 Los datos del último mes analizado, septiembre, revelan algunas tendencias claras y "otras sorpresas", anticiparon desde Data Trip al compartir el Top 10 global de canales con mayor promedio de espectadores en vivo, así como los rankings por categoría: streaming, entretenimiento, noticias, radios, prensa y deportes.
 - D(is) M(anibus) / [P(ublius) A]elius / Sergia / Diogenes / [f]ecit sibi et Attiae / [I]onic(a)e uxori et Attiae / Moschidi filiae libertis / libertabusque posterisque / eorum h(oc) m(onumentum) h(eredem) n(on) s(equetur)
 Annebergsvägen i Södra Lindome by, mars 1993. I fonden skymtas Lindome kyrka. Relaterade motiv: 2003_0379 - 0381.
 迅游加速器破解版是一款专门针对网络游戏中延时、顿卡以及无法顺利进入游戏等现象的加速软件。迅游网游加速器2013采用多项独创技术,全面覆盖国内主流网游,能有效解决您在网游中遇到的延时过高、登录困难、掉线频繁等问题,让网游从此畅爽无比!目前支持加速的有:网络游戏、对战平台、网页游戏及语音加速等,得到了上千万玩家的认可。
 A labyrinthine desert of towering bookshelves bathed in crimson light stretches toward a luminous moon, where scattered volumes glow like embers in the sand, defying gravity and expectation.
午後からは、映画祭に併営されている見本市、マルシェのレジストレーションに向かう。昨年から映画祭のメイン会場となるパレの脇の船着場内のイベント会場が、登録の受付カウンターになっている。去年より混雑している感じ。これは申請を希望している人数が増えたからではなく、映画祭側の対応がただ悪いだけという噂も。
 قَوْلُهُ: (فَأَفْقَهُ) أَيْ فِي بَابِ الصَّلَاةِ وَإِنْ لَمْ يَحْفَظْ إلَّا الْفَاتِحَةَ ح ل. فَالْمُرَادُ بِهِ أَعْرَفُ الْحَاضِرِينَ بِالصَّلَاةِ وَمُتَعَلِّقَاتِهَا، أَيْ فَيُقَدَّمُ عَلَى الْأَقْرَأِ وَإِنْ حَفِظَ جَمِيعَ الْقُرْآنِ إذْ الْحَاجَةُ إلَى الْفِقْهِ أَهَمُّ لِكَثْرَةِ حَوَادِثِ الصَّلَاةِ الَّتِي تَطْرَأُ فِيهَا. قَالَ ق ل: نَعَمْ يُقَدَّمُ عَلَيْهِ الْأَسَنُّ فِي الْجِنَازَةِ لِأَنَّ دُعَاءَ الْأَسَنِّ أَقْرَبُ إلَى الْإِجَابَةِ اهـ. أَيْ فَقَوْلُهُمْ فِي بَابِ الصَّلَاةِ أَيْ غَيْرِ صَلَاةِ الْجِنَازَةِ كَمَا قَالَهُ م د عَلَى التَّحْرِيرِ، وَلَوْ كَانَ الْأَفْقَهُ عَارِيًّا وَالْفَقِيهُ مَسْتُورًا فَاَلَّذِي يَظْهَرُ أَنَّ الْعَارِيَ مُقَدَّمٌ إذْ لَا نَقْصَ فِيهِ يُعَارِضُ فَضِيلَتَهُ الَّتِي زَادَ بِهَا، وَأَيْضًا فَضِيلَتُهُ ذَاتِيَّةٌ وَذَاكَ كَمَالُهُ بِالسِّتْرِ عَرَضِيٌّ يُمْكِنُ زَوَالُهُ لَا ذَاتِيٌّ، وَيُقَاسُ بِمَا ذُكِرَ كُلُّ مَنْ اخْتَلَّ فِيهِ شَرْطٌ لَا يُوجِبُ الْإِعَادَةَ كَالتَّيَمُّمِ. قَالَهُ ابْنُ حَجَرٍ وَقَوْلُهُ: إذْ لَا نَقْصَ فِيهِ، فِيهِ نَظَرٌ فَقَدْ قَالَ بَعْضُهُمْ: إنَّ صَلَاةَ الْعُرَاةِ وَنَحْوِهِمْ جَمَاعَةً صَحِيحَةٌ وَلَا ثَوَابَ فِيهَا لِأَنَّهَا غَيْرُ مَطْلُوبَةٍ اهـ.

--------------------

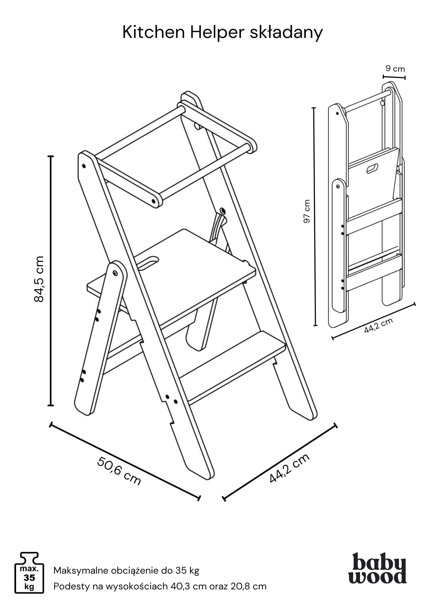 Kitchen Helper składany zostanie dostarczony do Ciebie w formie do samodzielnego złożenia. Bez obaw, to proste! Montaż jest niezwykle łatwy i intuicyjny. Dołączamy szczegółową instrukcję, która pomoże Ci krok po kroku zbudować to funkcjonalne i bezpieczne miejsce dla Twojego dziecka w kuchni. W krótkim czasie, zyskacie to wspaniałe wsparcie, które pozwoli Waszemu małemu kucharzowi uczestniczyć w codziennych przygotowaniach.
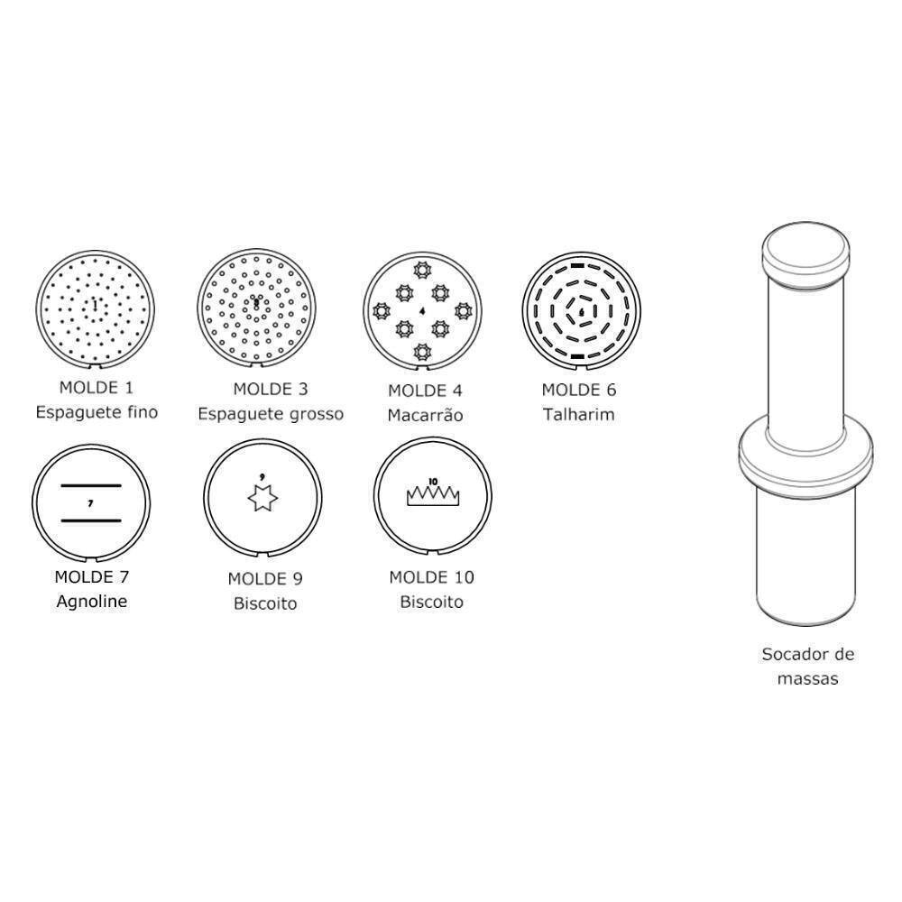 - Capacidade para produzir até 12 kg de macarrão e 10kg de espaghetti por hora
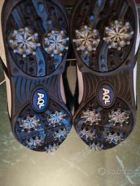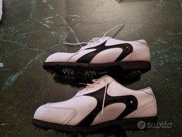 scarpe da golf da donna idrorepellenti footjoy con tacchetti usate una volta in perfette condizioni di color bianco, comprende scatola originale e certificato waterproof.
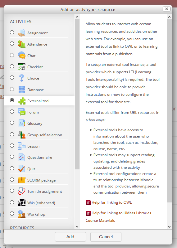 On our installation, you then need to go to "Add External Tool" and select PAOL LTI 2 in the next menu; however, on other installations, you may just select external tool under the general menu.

--------------------

Exercise goal: Using the records above, copy word for word the line with "Los datos del", the line with "迅游加速器破解版是一款专门针", and every line between them.

Solution to this task:
 Los datos del último mes analizado, septiembre, revelan algunas tendencias claras y "otras sorpresas", anticiparon desde Data Trip al compartir el Top 10 global de canales con mayor promedio de espectadores en vivo, así como los rankings por categoría: streaming, entretenimiento, noticias, radios, prensa y deportes.
 - D(is) M(anibus) / [P(ublius) A]elius / Sergia / Diogenes / [f]ecit sibi et Attiae / [I]onic(a)e uxori et Attiae / Moschidi filiae libertis / libertabusque posterisque / eorum h(oc) m(onumentum) h(eredem) n(on) s(equetur)
 Annebergsvägen i Södra Lindome by, mars 1993. I fonden skymtas Lindome kyrka. Relaterade motiv: 2003_0379 - 0381.
 迅游加速器破解版是一款专门针对网络游戏中延时、顿卡以及无法顺利进入游戏等现象的加速软件。迅游网游加速器2013采用多项独创技术,全面覆盖国内主流网游,能有效解决您在网游中遇到的延时过高、登录困难、掉线频繁等问题,让网游从此畅爽无比!目前支持加速的有:网络游戏、对战平台、网页游戏及语音加速等,得到了上千万玩家的认可。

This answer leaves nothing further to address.